The history of nikujaga dates back to the Meiji era. It all started with Heihachiro Togo, a commanding officer in the Japanese Navy. Togo went abroad to England, where he fell in love with the taste of beef stew. Upon his return to Japan, Togo asked the head chef of the Japanese Navy to try and recreate the dish. In those days it was hard to find the ingredients central to beef stew, such as wine and butter. So the chef improvised, seasoning the soup with soy sauce and sugar. His experimentation resulted in the very first version of the simmered meat and vegetable dish we now call nikujaga.

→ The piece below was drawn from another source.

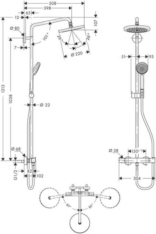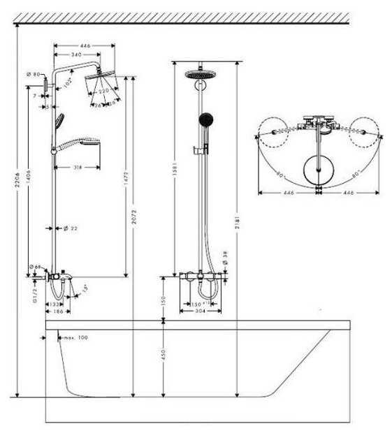 режимы потока воды от производителя: rain rainair shampoo струя massage jet normal, высота стойки для душа: 1581 мм, диаметр душевой лейки: 100 мм, диаметр верхнего душа: 220 мм

Around that time, a deficiency syndrome called beriberi was wreaking havoc in the Japanese Navy. Luckily, nikujaga seemed to be effective against beriberi. It therefore became a popular Navy meal, and eventually spread to the rest of the country.
Now, people all across Japan cherish nikujaga as the meal that mom makes best. Comfort cooking at its finest!
- 150 g beef thinly sliced
- 2 potatoes medium
- ½ carrot large
- 6 snow peas
- ½ onion large
- 100 g shirataki
- 200 ml dashi
- 50 ml sake
- 2 tbsp sugar
- 2 tbsp soy sauce
- 「PREP」Peel the potatoes and cut each of them into 4 pieces. Place in a pot of cold water and soak for about 10 minutes to prevent the colour from changing, then drain. Rinse the shirataki under cold water, then put in a pot of water and bring to a boil to remove the smell. Drain and set aside. Rinse the snow peas under cold water and break off the stems, pulling off the string that runs along the side. Bring a pot water to the boil and blanch the snow peas for one minute. Drain and set aside in a bowl of ice water to maintain their bright green colour. Peel the carrot and quarter lengthwise, then cut into 2cm thick slices. Halve the half-onion and cut into 1.5cm wedges.
- Heat a pan over high and add vegetable oil. Then add potatoes, onion, carrot and shirataki and stir-fry until the surface of the potatoes begins to appear translucent. Add the sake and dashi broth and bring to a boil.
- Carefully remove any scum, add the beef and reduce to medium heat. When the potatoes are nearly cooked, add the sugar and simmer for another 5 minutes, then add the soy sauce and cover with a drop lid.
- Cook until the liquid has reduced to about a third of its original amount. Turn off the heat, ladle into bowls and top with snow peas.